Lotus leaf water removal refers to the lotus leaf in the microwave through the water molecule. It impacts heating, destruction, and passivation of oxidative enzyme activity in fresh leaves, inhibiting the enzymatic oxidation of tea polyphenols in fresh leaves. Through this process, tea leaves do not change color during drying. At the same time can remove a green flavor of fresh leaves, forming a better aroma.
The important process of lotus leaf tea processing is fixation. The purpose of green killing is to use high temperatures to destroy the activity of polyphenol oxidase, inhibit its oxidation red and Browning, and fix the green quality of fresh leaves. The fixation and evaporation of water occur simultaneously, which takes away the green breath of fresh leaves, leaving it fragrant.
Microwave sterilization drying means that electromagnetic waves generated by the magnetron are evenly irradiated to lotus leaves, which can be heated internally and externally at the same time to instantly raise the temperature.
The finishing drying process is very uniform, without burnt leaves, burnt edges, debris, etc. While the traditional finishing process of tea leaves is through the heating roller, which is transmitted to the tea leaves.
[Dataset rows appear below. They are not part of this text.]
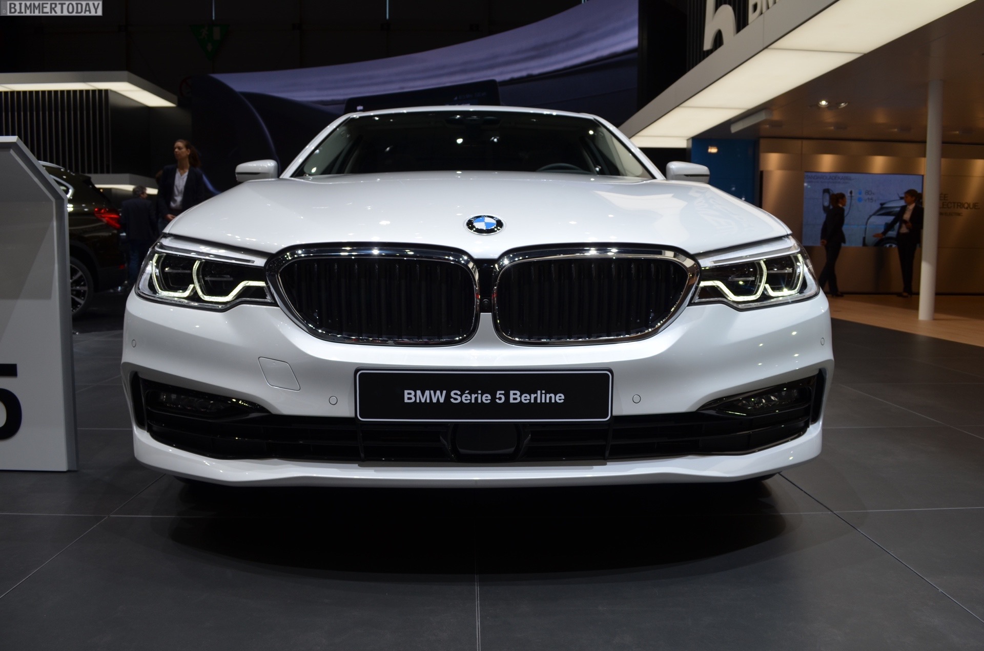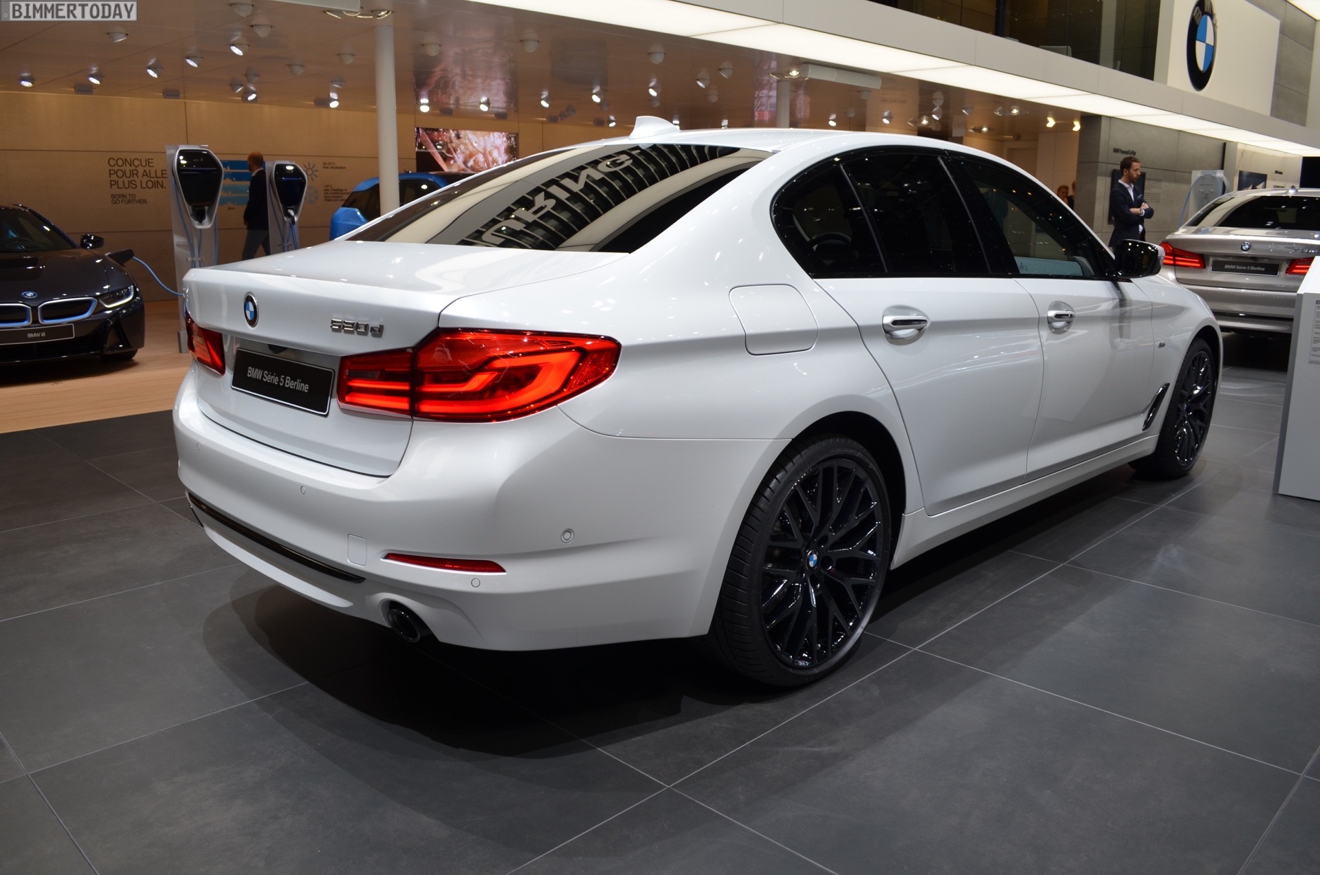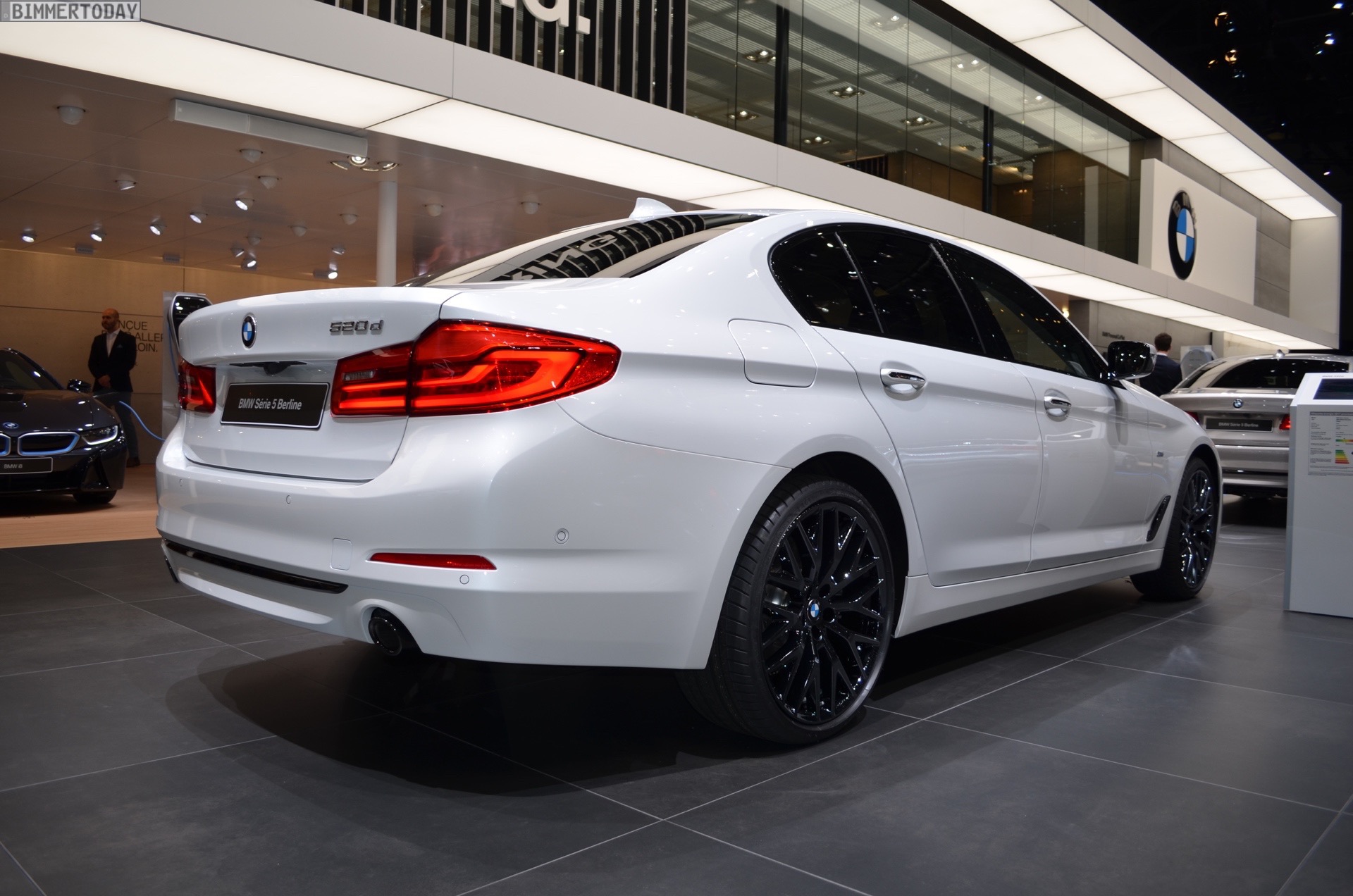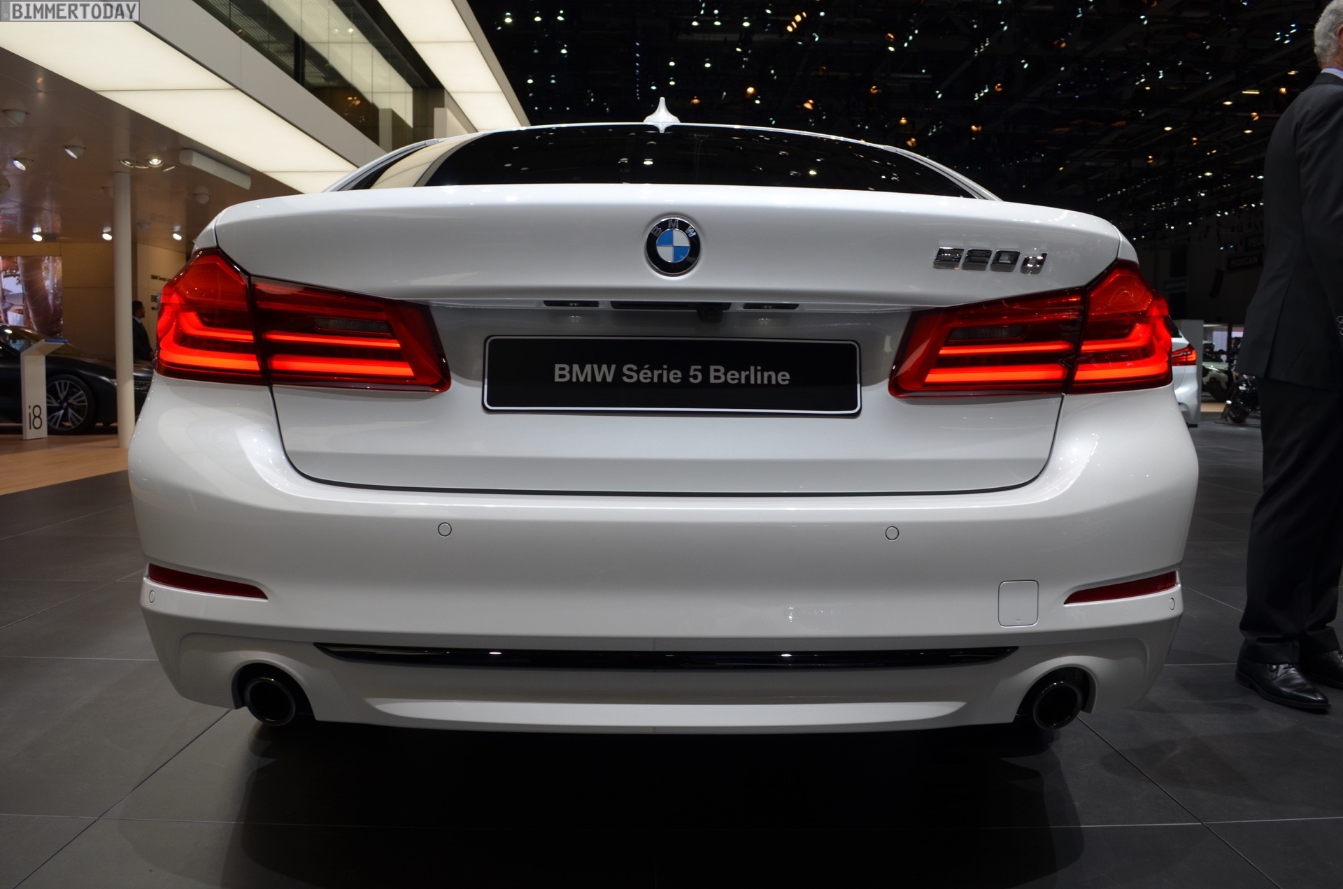 Denn auch wenn die BMW 520d EfficientDynamics Edition beim Blick auf Leistungsangabe und Fahrleistungen nicht unbedingt der dynamischste 5er-Variante ist, lässt sie sich doch sehr sportlich konfigurieren. Auf dem Genfer Autosalon 2017 zeigt der BMW 520d ED einen Ausschnitt dieser Möglichkeiten mit einer edlen Lackierung in Mineralweiß Metallic, der optionalen Sport Line und 20 Zoll großen Leichtmetallrädern im Stil 636 in Liquid Black. Besonderes Augenmerk haben auch die zwei Endrohre verdient, die zumindest gemessen am Look früherer Generationen mit einem Endrohr links und rechts eine souveräne Motorisierung vermuten lassen.
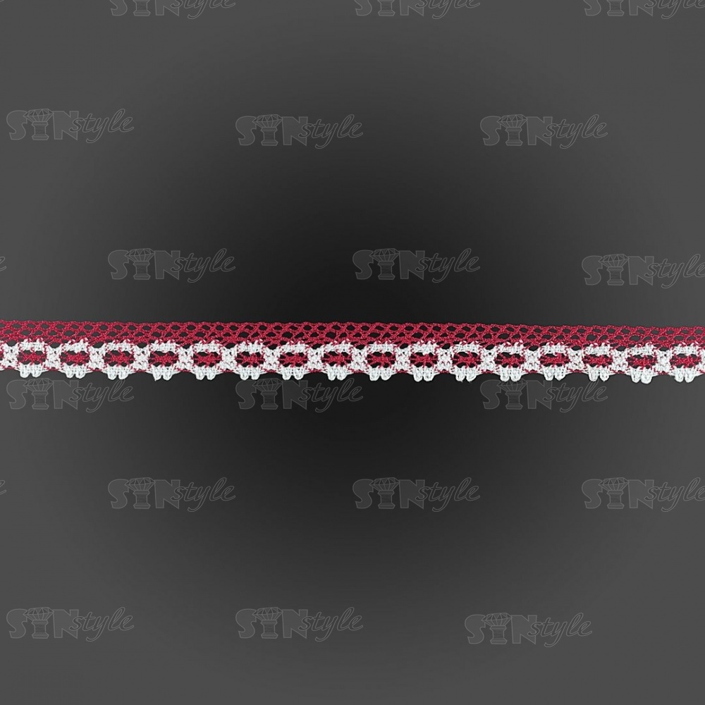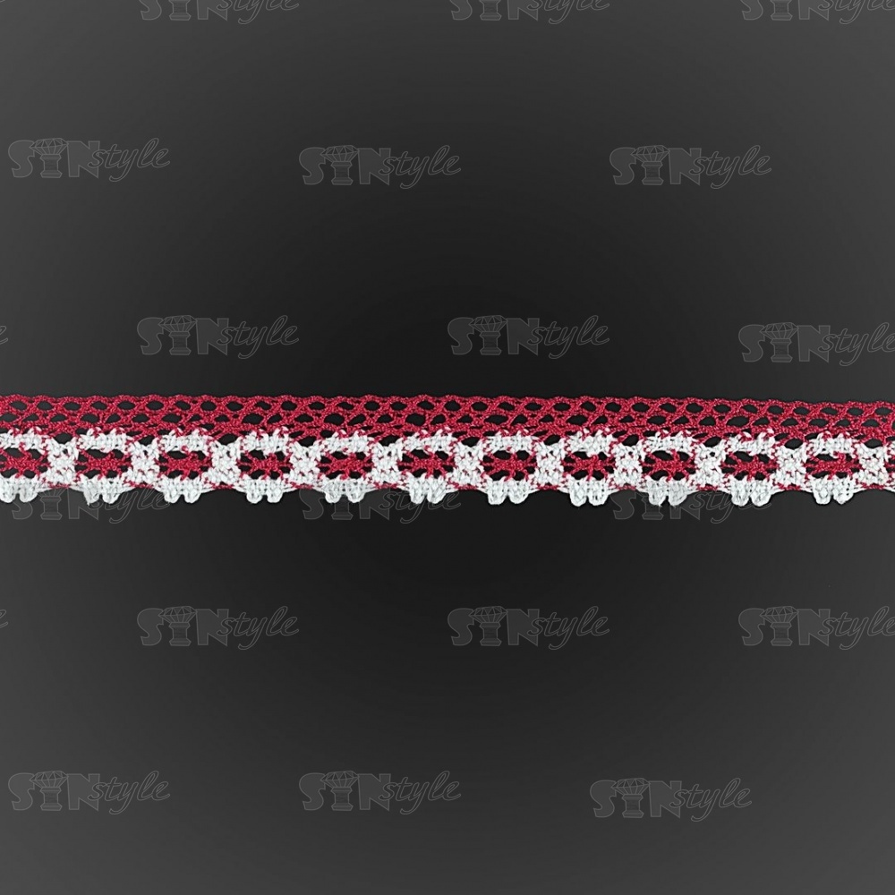 Кружево вязаное плетеное, ширина 20 мм, цвет малиновый+белый, намотка 15 ярдов
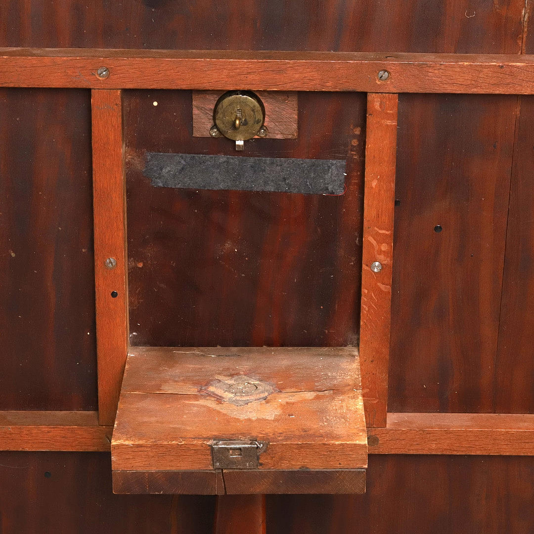 Age and use wear, abrasions, marks, surface dirt. Separation occurs on the table top, needs to be addressed. Challenging locks.
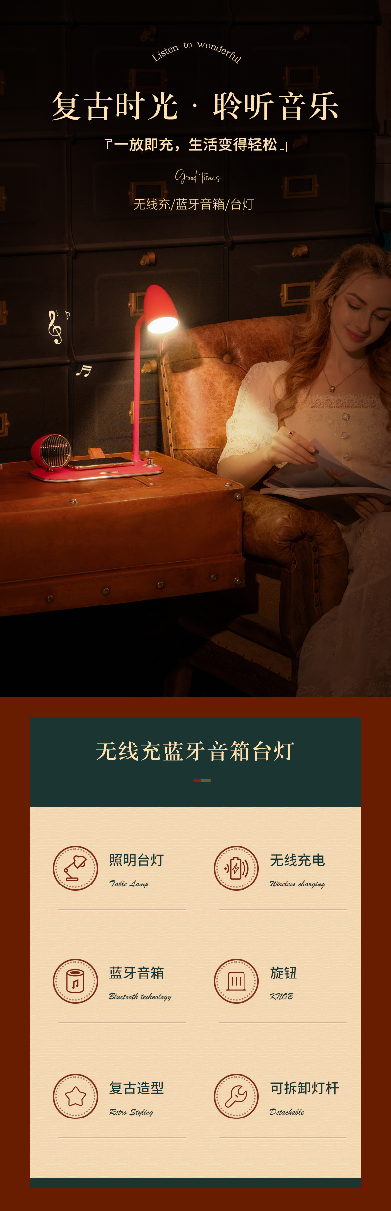 商品名称:HYUNDAI/现代多功能复古台灯音箱YH-F168
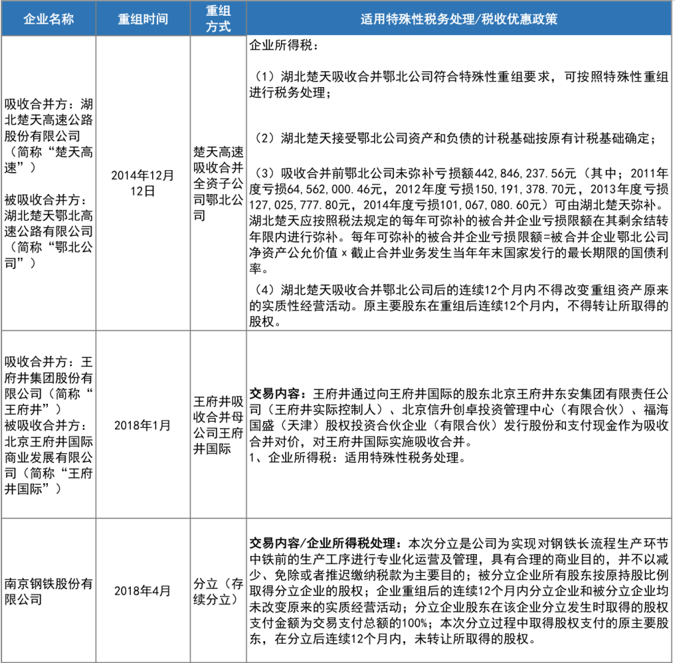 根據(jù)筆者檢索,自2018年以來,包括但不限于有以下境內(nèi)上市公司重組,適用了特殊性稅務處理:
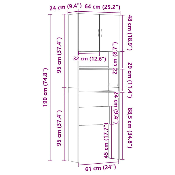 - Mitat: 64 x 24 x 190 cm (L x S x K)
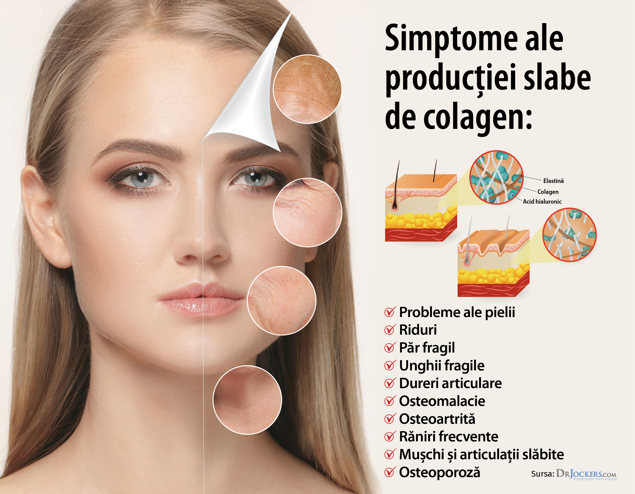 Pe măsură ce înaintăm în vârstă, producția de colagen proprie sau endogenă începe să scadă, ceea ce ne poate afecta atât aspectul, cât și sănătatea. Partea bună este că în prezent există numeroase soluții la care putem apela pentru a corecta deficiența de colagen. Una dintre ele este evitarea, în măsura în care este posibil, a factorilor care produc stres oxidativ în organism (fumatul, consumul excesiv de zahăr, stresul, lipsa somnului, expunerea la soare) și adoptarea unei diete bogate în nutrienți esențiali, aminoacizi, vitamina C și minerale.
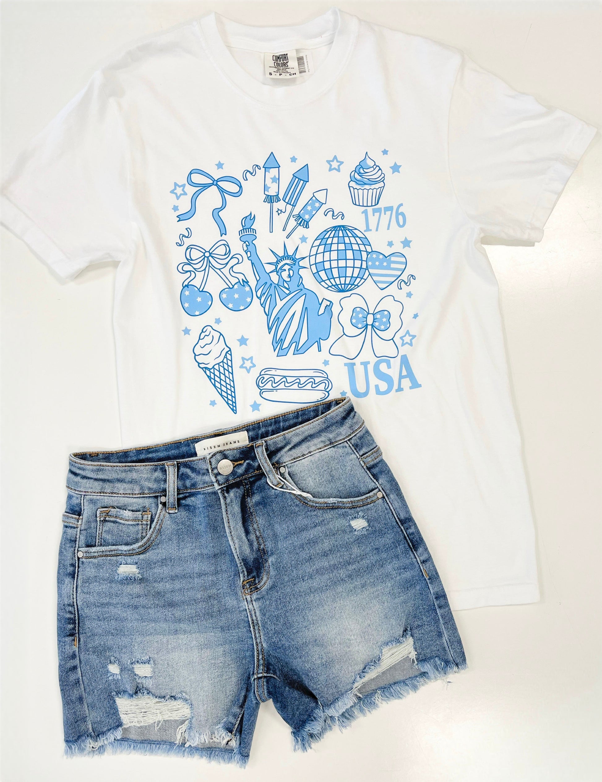 Celebrate all things red, white, and blue with our Retro America Tee! This playful shirt showcases iconic American symbols like fireworks, Lady Liberty, and summertime favorites (hello, hot dogs and ice cream!). Perfect for showing your patriotic spirit at barbecues, parades, or just because you're proud to be an American. Stars and stripes never looked so cool!
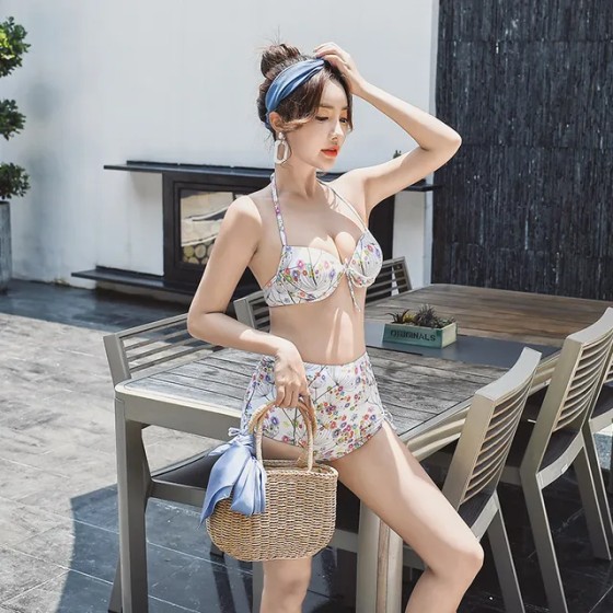 Tankinis Push Up Vintage Sweet 3 Pieces Set Covered Belly Show Thin Hot Spring Sexy Women Small Bust Swimsuit
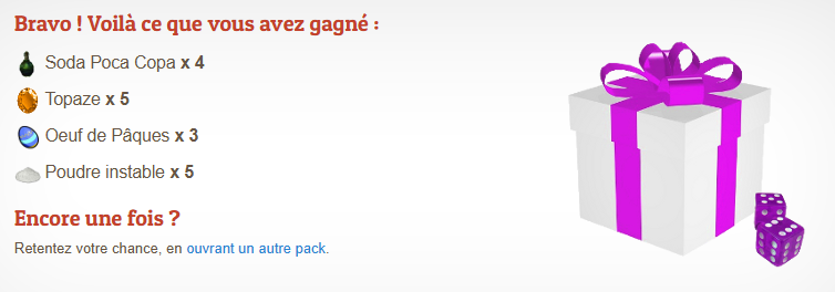 Vous remportez 5 points d'animation, 2 tickets VIP et 2 tas de nourritures !
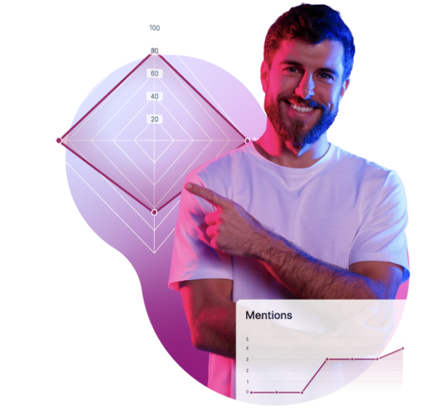 A score out of one hundred that blends mentions, ranking, citations, and sentiment. Shows the change since the last analysis.
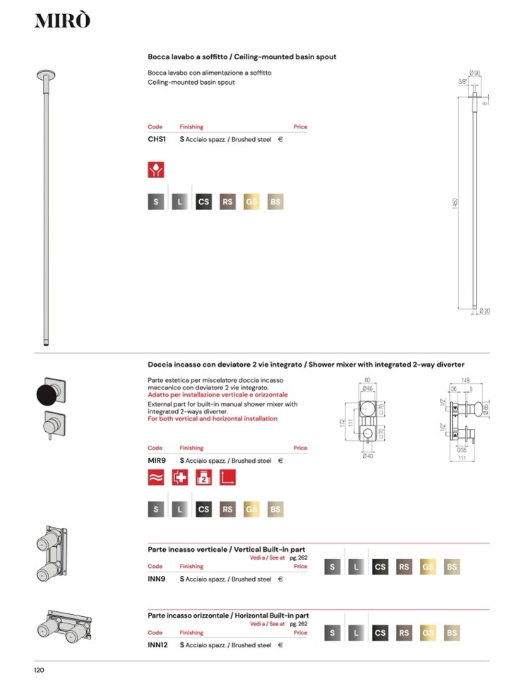 Doccia incasso con deviatore 2 vie integrato / Shower mixer with integrated 2-way diverter
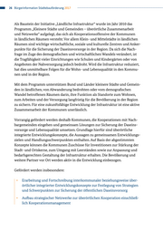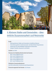 5. Kleinere Städte und Gemeinden – über örtliche Zusammenarbeit und Netzwerke Profil: ∙∙ Stärkung kleinerer Städte und Gemeinden in ländlichen Räumen ∙∙ Unterstützung aktiver interkommunaler und überörtlicher Kooperationen ∙∙ Anpassung und zukunftsfähige Gestaltung der Infrastruktur ∙∙ Integriert handeln, finanzieren und fördern Laufzeit: seit 2010 Volumen der Städtebaufördermittel des Bundes: ∙∙ 2013: rund 55 Millionen Euro ∙∙ 2014: rund 70 Millionen Euro ∙∙ 2015: rund 70 Millionen Euro ∙∙ 2016: rund 65 Millionen Euro ∙∙ 2017: rund 70 Millionen Euro Geförderte Gesamtmaßnahmen: rund 540, insbesondere interkommunale Kooperationen Finanzierungsanteil des Bundes: 33,3 Prozent

The heat is not uniform, which is easy to produce internal ripening, external dry, and internal wet.
The production of the burnt taste, burnt leaves, and detritus affect the quality of lotus leaf tea.
Because lotus leaves stay in the microwave heating box for a short time and do not need air and steam to conduct heat, it can significantly retain tea’s nutritional components. Traditional killing and drying in rolling to the killing and drying machine for a long time, therefore, lotus leaf tea loses more nutrients.
Most importantly, lotus leaf tea plays a bactericidal role in finishing and drying, which can greatly extend the warranty date. It is incomparable with any other finishing drying method.